Hermano Callou: Quando o Surto & Deslumbramento se formou no início da década, vocês estavam indo na contramão do que se considerava o cinema brasileiro “relevante” na época. Queria que vocês contassem sobre o surgimento do coletivo e sobre como vocês refletiam sobre o estado do cinema brasileiro naquele momento.

Chico Lacerda: A gente se aproximou a partir de várias frentes: cursos de graduação e pós em comunicação da UFPE; Cineclube Dissenso; bares e noite recifense. A ideia de produzir peças audiovisuais começou quando viajamos juntos pra um congresso da AsAECA, na Argentina. Estávamos obcecados pela música “Mama”, de Valeska Popozuda e ficávamos fantasiando fazer um videoclipe não oficial pra ela (inspirado no clipe de “Wicked Game” e com a participação do ET Bilu). Eu já tinha produzido alguma coisa de forma autodidata e instiguei o povo. Daí surgiu Mama (2012). Pra dar um ar mais profissional e tirar uma onda, criamos duas produtoras falsas, Surto e Deslumbramento, e jogamos o filme na internet. Como rolou um retorno positivo, começamos a botar outras ideias na roda. Tava todo mundo na pós, com bolsa, então tínhamos tempo de sobra.

Rodrigo Almeida: O Cineclube Dissenso teve um papel importante, porque era um lugar em que assistíamos muitos filmes juntos toda semana, rolava sempre um debate oficial após a sessão e geralmente depois íamos beber num bar perto – e nesse bar tínhamos uma liberdade de fazer o debate do debate com menos pessoas e comentar sobre o que nos incomodava no cinema brasileiro e pernambucano daquele momento. De forma geral, a gente achava tudo muito hétero e sério, num misto de autoimportância e autocomplacência, o sério como sinônimo do bom, do político, do posicionado, do bem feito.

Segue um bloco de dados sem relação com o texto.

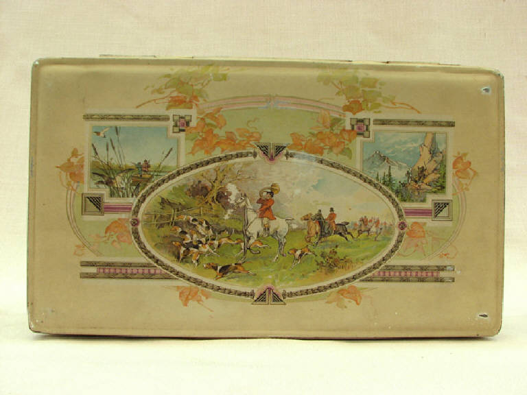 trattasi di una scatola metallica a forma di parallelepipedo, con coperchio , serigrafata con disegni vari su tutti i lati ad eccezione della base d'appoggio.Il motivo principale disegnato sul coperchio è rappresentato al centro da una scena di cacciatori a cavallo con cavallerizzo con tromba e cani in corsa.Ai lati della scena centrale cacciatori in barca in uno stagno da una parte e alpinisti in montagna dall'altra.Sulle fiancate altre scene di sport.

E para piorar tinha todo esse circuito de retroalimentação de uma produção acadêmica que legitimava esse cinema, assim como esse cinema por sua vez legitimava essa mesma produção acadêmica. O “risco do real” (expressão cunhada pelo crítico Jean-Louis Comolli) nessa época tava babado. Chico já fazia os filmes dele, André teve um tempo que estagiou na Símio Filmes, eu já trabalhava na curadoria do Janela de Cinema, Fábio já estava no doutorado.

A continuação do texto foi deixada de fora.